Be forewarned that we used many bogus names for things just to keep you on your toes, so subdomain and mysite and www12345, for example, may represent site name and top domain and subdomain, according to their format inspection.
THESE URLS WILL VALIDATE:http://mysite.com without server name (www) is fine
http://www.mysite.com with server name (www) is fine too
https://www.mysite.com https is Hyper Text Transfer Protocol with Secure Sockets Layer for web security
https://www.mysite.com.co final co is country code
https://www.mysite.com.com 1st .com is seen as site name
https://www12345.com.com.co 1st .com is seen as site name and www12345 is seen as subdomain
https://www12345com.com.com.co 1st .com is seen as site name and www12345com is seen as subdomain
https://www.mysite.com.co?.1233459588%&../123/..??? special characters are allowed as long as they're numbers or -_%&?/.=
http://subdomain.mysite.cggggm.gd cggggm is not a real top domain, but it has OK number of characters, as does the country code
http://www.1234.subdomain.mysite.co 1234 would be seen as subdomain here, subdomain would be seen as the site name, mysite would be seen as the top domain (subdomain.mysite = domain)
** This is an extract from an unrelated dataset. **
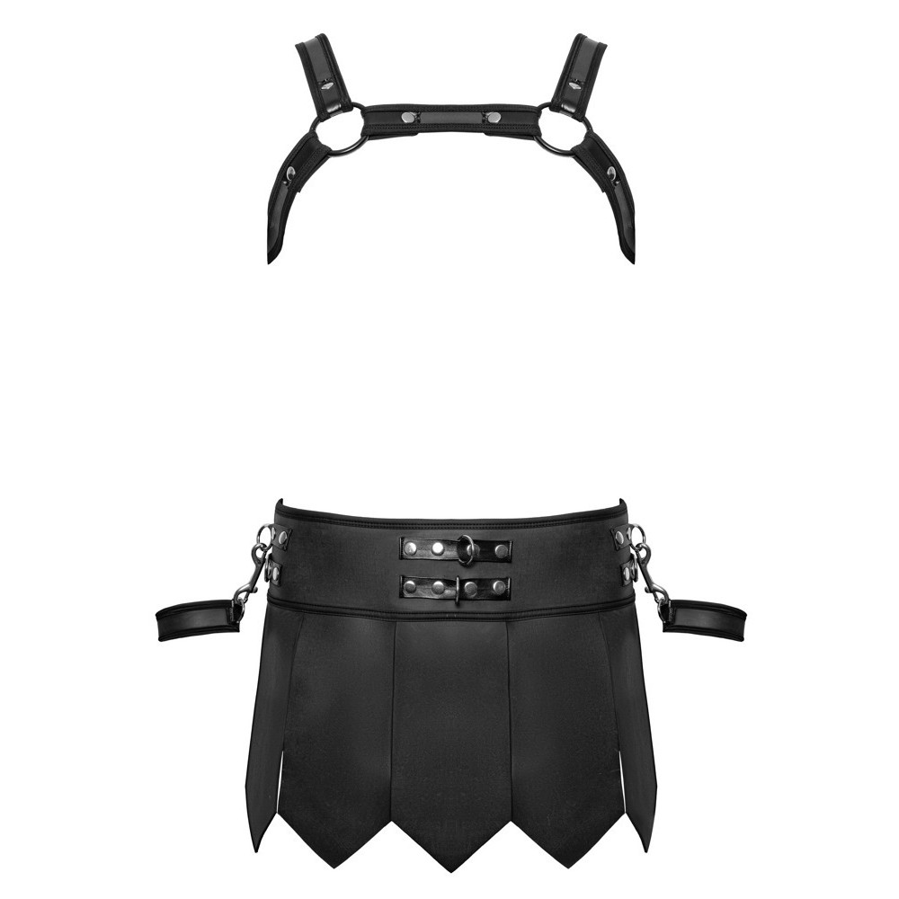 В комплект от Svenjoyment Bondage входят грудная сбруя, гладиаторская юбка и 2 наручника. Комплект изготовлен из потрясающего черного матового материала, который слегка тянется для комфортной посадки. Упряжь имеет практичные застежки для надевания и снимания. Короткая юбка имеет подлинную шнуровку сзади на поясе. Спереди и по бокам пояса прикреплены ремешки. На ремешках есть шпильки и кольца. Входящие в комплект наручники можно легко и быстро прикрепить к кольцам благодаря двойным защелкам. Мягкие наручники легко регулируются благодаря застежкам с крючками и петлями.

http://www.subdomain.mysite.cggggm.aa aa is not currently a country code but 2 is correct number of characters
http://www1234.subdomain.mysite.cggggm.gd www1234 is OK server name (although in the real world we know of none higher than www504)
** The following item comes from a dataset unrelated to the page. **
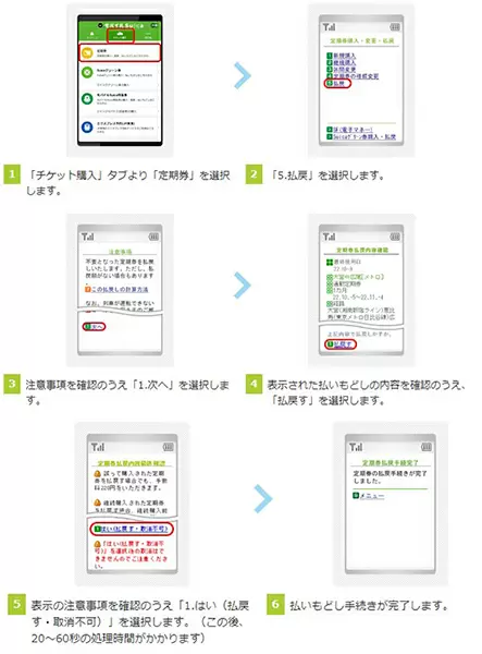 もし、今の新型コロナウイルス感染症が完全に鎮静化するまで、基本的に出社しない、完全リモートワークの指示が出ているなら、通勤定期の払い戻しを検討したい。他社線との連絡定期券を含むJR東日本線の「モバイルSuica定期券」の場合、スマホからいつでも簡単に払い戻し可能。利用開始前なら220円の払い戻し手数料だけで全額、利用開始後は、有効期間が1カ月以上残っている場合に同じく220円の払い戻し手数料を支払うと所定の計算式に沿って返金される。

http://subdomain.mysite.cggggm.gd?1234./.?-_%&.?/.=4567 special characters are allowed as long as they're numbers or -_%&?/.=
http://www212.subdomain.mysite-is-very-cool.museum.uk?1234./.?-_%&.?/.=4567 www212 is a real server name, museum is a real top domain name, and uk is a real country code.
THESE URLS WILL NOT VALIDATE BECAUSE:
http:/mysite.com missing forward slash after :
http://ww.mysite.com missing w
htts://www.mysite.com missing p in https
https://www.mysite.com.com.com final com is country code which needs to be 2 characters
https://www12345.mywebsite.com.com.co www12345 is ok as name of subdomain (but www1234 is ok for server name) but then one .com at end needs removing
https://www.mysite.com.co?.dhr345d5df%&../jjk/..??? letters not allowed with special characters at end of url
http://subdomain.mysite.cggggm.gdn final gdn is country code which needs to be 2 characters
http://www.subdomain.mysite.cgggggm.gd cgggggm is top domain which must be 2-6 characters, not 7
http://www12345.subdomain.mywebsite.cggggm.gd www12345 is ok as name of subdomain (but www1234 is ok for server name) but then .cggggm at end needs removing (leave .gd) and mywebsite needs to be shortened to mysite, since it's a top domain that cannot be over 6 characters; or simply remove .mywebsite
http://www1234.subdomain.mysite.cggggm.info final info is country code which needs to be 2 characters
http://www.1234.subdomain.mywebsite.co mywebsite is top domain which must be 2-6 characters, not 9
http://subdomain.mysite.cggggm.gd?1234./.?-_%&.?/.=4567, no commas allowed in url
http://www212.subdomain.mysite-is-cool!.museum.uk?1234./.?-_%&.?/.=4567 no ! allowed in url
Just because "mysite" looks like a site name, below, doesn't change the fact that the following validate because the formatting shows that com.com, museum.com, and museum.museum are the domains below, and mysite is in the subdomain position, as formatted. https://www1234.subdomain.domain.com.co gives a truer picture, and is formatted similarly to the other URLs, with www1234 as server (although we know of no number higher than www504, we allow 4 digits here just to be safe and be forward compatible). The domain is domain.com, not just domain, with .com as the top domain part.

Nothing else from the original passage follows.